I'll draw a picture and post it shortly.

Below is a 2 in NAND gate. The square waves on the upper gate are in synchronous time. The output will be the exact opposite of the two synchronized inputs (as can be seen by the wave form on the output.

In the lower gate you see the two square waves have been shifted a little. Since you didn't specify how much delay I can't draw you an exact picture. Nevertheless, notice that the output is high most of the time. The ONLY time it goes low is when both inputs are high at the same time. No matter which way you shift the input waveforms you will get either an equal time high or a nearly always high. Remember, it takes two high inputs to get a low output. IF you use an AND gate then the signal will be low more of the time.

Last edited: Mar 9, 2016
anhnha likes this.
6. anhnha Thread Starter Active Member

Apr 19, 2012
776
48
Thank you. I've drawn some cases but I don't believe in myself!

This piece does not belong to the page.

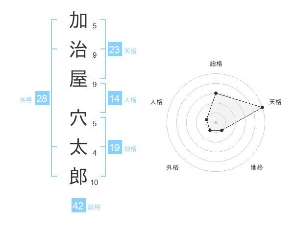 加治屋 穴太郎さんの天格は23画の5点

7. Tonyr1084 Active Member

Sep 24, 2015
637
112
Here's another way of comparing the signals: (with truth table)

Last edited: Mar 9, 2016
anhnha likes this.
8. anhnha Thread Starter Active Member

Apr 19, 2012
776
48
Thank you for the help and nice pictures.

9. Tonyr1084 Active Member

Sep 24, 2015
637
112

The first drawing posted is slightly flawed. I did the second drawing to clarify. Then I edited it for greater clarity. Then I edited it again. And again. OK, I'm done now. I hope finally all things are clear. I tend to make more mess than I clean up sometimes.

If you have any further questions feel free to post them here. Someone will answer you, and probably clearer on the first go around.

anhnha likes this.
10. anhnha Thread Starter Active Member

Apr 19, 2012
776
48
Yes. The second drawing has time scale so it is easier to see the result. Thank you again!

11. AnalogKid Distinguished Member

Aug 1, 2013
4,709
1,301
Yes.

A .AND. B = C (don't know how to put in the symbol for a logical AND)

Thanks to Leibniz, Boole, and De Morgan, there are algebraic expressions for the basic logic gates that define their operation.

The truth table in post #6 is the answer. By the definition of what a NAND gate is, all four states will occur once each during each cycle. The exception noted in post #3 is possible in theory only at quantum-level timing. In practice with real-world parts it is slightly more possible to have an effective "tie" at the inputs and produce no output change, but the statement of the problem in post #1 eliminates this input condition.

ak

Last edited: Mar 9, 2016
12. hp1729 Well-Known Member

Nov 23, 2015
2,105
235
What math is needed? How can it be otherwise?